RECHTBANK ZEELAND-WEST-BRABANT

Cluster I Civiele kantonzaken
Breda
zaak/rolnr.: 11070366 AZ VERZ 24-27
beschikking d.d. 18 juli 2024
inzake
[verzoekster],
wonende te [plaats] (NB),
verzoekende partij,
verder te noemen: [verzoekster] ,
gemachtigde: mr. Y.A. Brunnekreef-van den Bos, werkzaam ten kantore van ARAG SE te Leusden,
tegen
de stichting
Stichting Surplus Zorg,
statutair gevestigd te Moerdijk, en kantoorhoudende te Breda,
verwerende partij,
verder te noemen: Surplus,
procederend bij [naam 1] ( [functie 1] ) .

1.Het procesverloop

1.1.
Het verloop van de procedure blijkt uit:
  • het verzoekschrift met producties,
  • het verweerschrift.
1.2.
Surplus heeft op 11 juni 2024 een verweerschrift ingediend. In dat verweerschrift heeft Surplus medegedeeld geen behoefte te hebben aan een mondelinge toelichting op haar verweer. Zij verzoekt op basis van het verweerschrift een beslissing te nemen. In het begeleidend e-mailbericht is door [naam 2] ( [functie 2] ) nogmaals gemeld dat Surplus afziet van mondeling verweer en wanneer er vragen zijn, zij dat graag vernemen. De griffier van de rechtbank heeft per mail van 13 juni 2024 kenbaar gemaakt dat een mondelinge behandeling is bepaald, dat de kantonrechter tijdens de zitting vragen kan stellen en dat er nadien geen gelegenheid is om nog vragen te beantwoorden. Ondanks deze e-mail van de griffier is er aan de zijde van Surplus niemand verschenen tijdens de mondelinge behandeling op 20 juni 2024.
1.3.
Tijdens de mondelinge behandeling is [verzoekster] verschenen, bijgestaan door haar gemachtigde mr. Brunnekreef-van den Bos voornoemd. De griffier heeft aantekeningen gemaakt van wat [verzoekster] ter toelichting van haar standpunten naar voren heeft gebracht. Vervolgens is bepaald dat er beschikking zal worden gewezen.

2.De feiten

2.1.
[verzoekster] , geboren op [geboortedag] 1966, is op 2 februari 2008 in dienst getreden bij (de rechtsvoorgangster van) Surplus. De laatste functie die [verzoekster] vervulde, is die van [functie 3] . Het salaris bedroeg € 3.754,41 bruto per maand bij een fulltimedienstverband, exclusief vakantiegeld en overige emolumenten. [verzoekster] was werkzaam op basis van 24 uur (66,67%) per week.
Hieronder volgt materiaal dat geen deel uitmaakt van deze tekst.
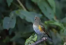 红胁蓝尾鸲俗名:蓝点冈子、蓝尾巴根子、蓝尾杰、蓝尾欧鸲。体型略小而喉白的鸲。特征为橘黄色两胁与白色腹部及臀成对比。雄鸟上体蓝色,眉纹白;亚成鸟及雌鸟褐色,尾蓝。…全部>>

Op de overeenkomt is de CAO VVT van toepassing.
2.2.
Op 11 november 2022 is [verzoekster] arbeidsongeschikt geraakt en deze arbeidsongeschikt duurt tot op heden nog voort.
2.3.
Bij brief van 12 februari 2024 heeft Surplus de arbeidsovereenkomst met [verzoekster] opgezegd per 1 maart 2024.
2.4.
Op 23 februari 2024 heeft [verzoekster] een eindafrekening ontvangen.
2.5.
[verzoekster] heeft per brief van 29 februari 2024 kenbaar gemaakt dat het dienstverband niet rechtsgeldig is beëindigd en dat de opzegging onrechtmatig is. [verzoekster] berust in de opzegging, maar niet in de onrechtmatigheid hiervan.
2.6.
Op 12 maart 2024 heeft Surplus gereageerd en aangegeven dat de opzegging als niet gedaan moest worden beschouwd en de opzegging onrechtmatig was. Surplus zou de vereiste toestemming bij het UWV aanvragen en er is aangeboden om het dienstverband met wederzijds goedvinden te beëindigen.
2.7.
[verzoekster] heeft op 14 maart 2024 bij mail kenbaar gemaakt dat het rechtens niet mogelijk is om de opzegging als niet gedaan te beschouwen, waarbij Surplus in de gelegenheid is gesteld om de gefixeerde schadevergoeding te voldoen.
2.8.
Vervolgens heeft Surplus op 22 maart 2024 te kennen gegeven geen reden te zien om de gefixeerde schadevergoeding te voldoen, waarna zij vervolgens op 25 maart 2024 een urenspecificatie en betaling van de transitievergoeding heeft verstuurd aan [verzoekster] .

3.Het verzoek

3.1.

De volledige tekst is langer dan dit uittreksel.